Block on Trump's Asylum Ban Upheld by Supreme Court
In what seems to be one of those times where the High Court majority would have been better off not saying anything at all, Justice Roberts writing for the majority in Trump v. Hawaii, stated: "Korematsu has nothing to do with this case."
Naturally, given the controversial subject matter of the travel ban case, that statement was not likely to go un-responded to in the media and by legal scholars. And though the mention of Korematsu was borne out of the dissent's criticism of the majority's opinion, as many pundits (and the dissent) point out, Justice Roberts' statements on Korematsu belied conventional logic.
A Majority Dissembling
Supreme Court scholar Harold Hongju Koh is rather critical of Justice Roberts' majority opinion. Writing for SCOTUSblog, he opens by stating:
Some Supreme Court statements can only be understood as dissembling or self-deception. The most recent, startling example is Chief Justice John Roberts' pronouncement in his 5-4 majority opinion in Trump v. Hawaii that "Korematsu has nothing to do with this case."
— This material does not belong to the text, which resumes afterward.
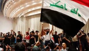 इराकी संसद के सामने विरोध प्रदर्शन
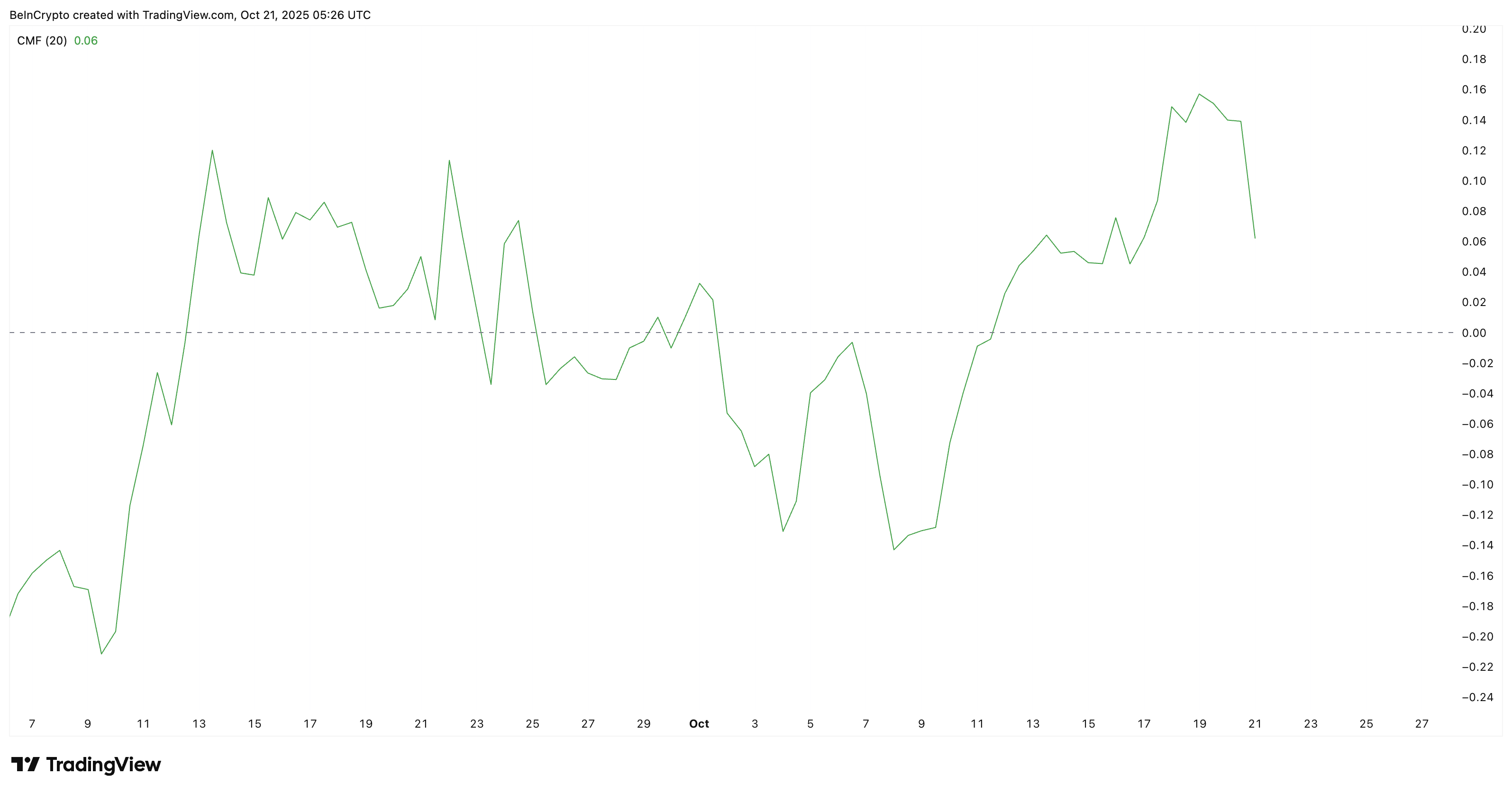 Adding to that, the Chaikin Money Flow (CMF), which tracks large money inflows, remains slightly positive but has fallen sharply since October 20. A drop in CMF above the zero line often signals that while big investors are still present, they’re pulling back on fresh buys.

He quickly explains, as the dissent did, that President Trump has made statements that make it crystal clear that the travel ban cannot be separated from the dogmatic animus he has expressed toward Muslim individuals. In Koh's analysis, he quotes Justice Sotomayor's dissent, quoting President Trump from the campaign trail approving Roosevelt's internment of Japanese Americans, and when President Trump explicitly stated that "Islam hates us ... And we can't allow people coming into this country who have this hatred of the United States."
Don't Believe the Hype
While the majority opinion explicitly states: "Korematsu was gravely wrong the day it was decided." Justice Roberts' logic, as Justice Sotomayor painstakingly points out in dissent, follows the same logic that allowed Korematsu to be decidedly so gravely wrong. And while some media reports are claiming that the majority "overturned" Korematsu, those reports are flat out wrong and misrepresenting what the Court says.
Roberts actually said: [Korematsu] "has been overruled in the court of history." And in case it needed to be clarified, that's not a real thing and Korematsu still hasn't actually been overruled.